Option B’s seven-package split is overkill for a project of this
size and would create more friction than it removes.
What’s out of scope
Section titled “What’s out of scope”- Building the lint rule. This doc proposes it; implementation is a follow-up task (an oxlint config snippet plus the obvious CI job, both small).
- Publishing
@vzn/vx. The package is still pre-alpha, version0.0.0. The npm publish workflow is a separate decision. - Re-doing the dashboard. The dashboard removal is settled (decision log, 2026-05). If we ever rebuild it, we’d reopen the monorepo question then, with concrete requirements in hand.
- Renaming the package (
@vzn/vxvs.@vx/vxvs. anything else). Out of scope here.
Open questions
Section titled “Open questions”- Is there an external embedder asking for any subset of the engine as a standalone import today? (Best guess: no — confirm before acting.) If yes, that flips toward Option C.
- Do we want per-module test files (
tests/cache/*.test.ts,tests/graph/*.test.ts) as a low-cost organizational change, even while staying single-package? Could be done incrementally without splitting packages. Out of scope here; cheap to do later. - Should
PackageGraphbe moved out ofsrc/workspace/to remove the type-only upward import fromsrc/graph/task-graph.ts? Low priority either way; only matters if Option B/C is ever revisited.

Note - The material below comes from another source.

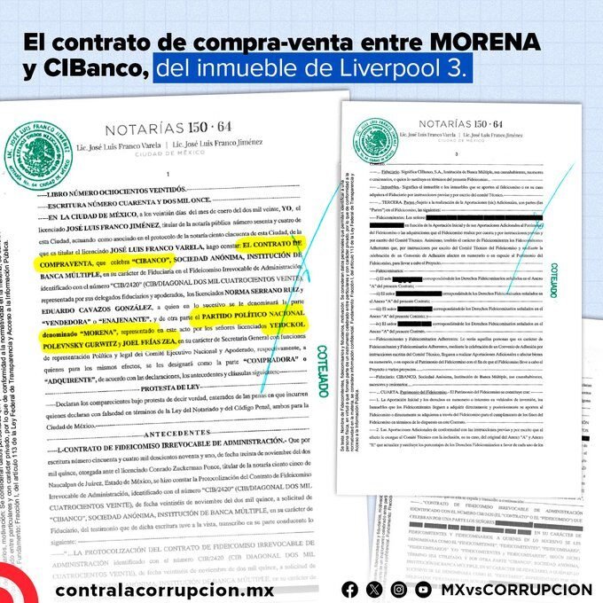 La revisión de los contratos de bienes y servicios de Morena entre 2019 y 2025 ubica la operación con CIBanco como la tercera de mayor monto en ese periodo, únicamente por debajo de acuerdos relacionados con las empresas Organización Portofino e Inmobiliaria MI-Calli, también vinculadas a operaciones inmobiliarias.

Why this is the right move
Section titled “Why this is the right move”- We already tried the monorepo, and the only reason it existed is gone. PR #25’s stated rationale was the dashboard’s build step. The dashboard was deleted weeks later and the project flattened back. Nothing about the current scope re-introduces that forcing function.

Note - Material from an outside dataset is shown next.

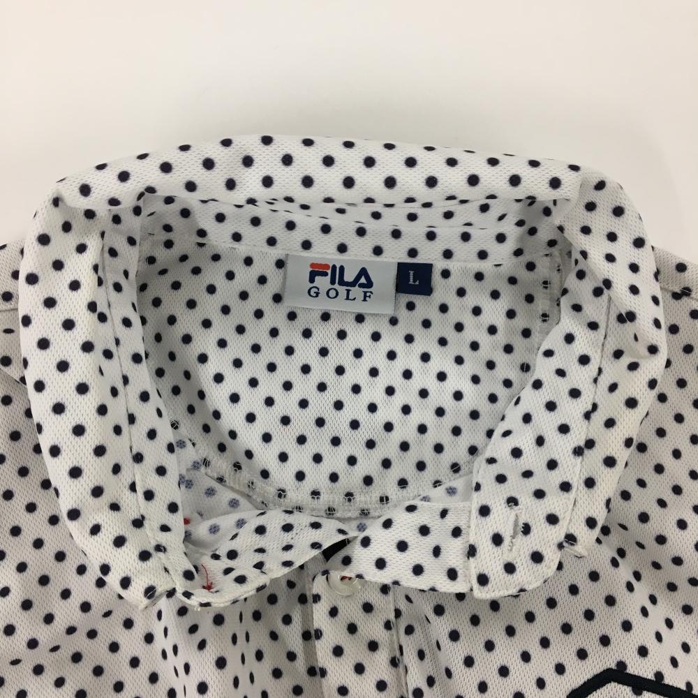 フィラゴルフ 半袖ポロシャツ 白×ネイビー ドット ボタンダウン メンズ L ゴルフウェア FILA GOLF

- The audit shows the code is already clean. Every boundary in the recommended invariant table is already respected by the source. We are formalising a fact, not negotiating a contract.
- Lint enforcement is cheap and reversible. Adding
no-restricted-importsto.oxlintrc.jsonis one config block. If it turns out wrong, deleting it is one config block. Compare to “split into seven packages and migrate every import.” - Pre-alpha with zero embedders is the wrong time to design a publish boundary. When demand is concrete, the right boundary will be obvious. Designing it now is guessing.
- Cleaning the debris is unambiguously good. The
apps/andpackages/dirs exist solely because we never ranrm -rfafter the dashboard removal. They cost zero to delete and remove a consistent confusion for new readers.
Action items if the recommendation is adopted
Section titled “Action items if the recommendation is adopted”In order:
rm -rf /home/user/run/apps /home/user/run/packages. Both contain onlynode_modules/and a builtdist/from the deleted dashboard subsystem; neither is tracked by git.- Add an oxlint
no-restricted-importsconfiguration to.oxlintrc.jsonreflecting the table in §6. Test thatbun src/bin.ts run lintpasses against the current codebase (the audit says it will). - Update
CLAUDE.md’s “Repository layout” section: add one paragraph statingsrc/subdirs are the project’s module layout; the previouspackages/*/apps/*layout should not be reintroduced without a concrete forcing function; refer to this design doc. - Optional follow-up (separate PR): reorganise
tests/into per-module subdirs (tests/cache/,tests/graph/, …) for discoverability. No package split, no behavioural change.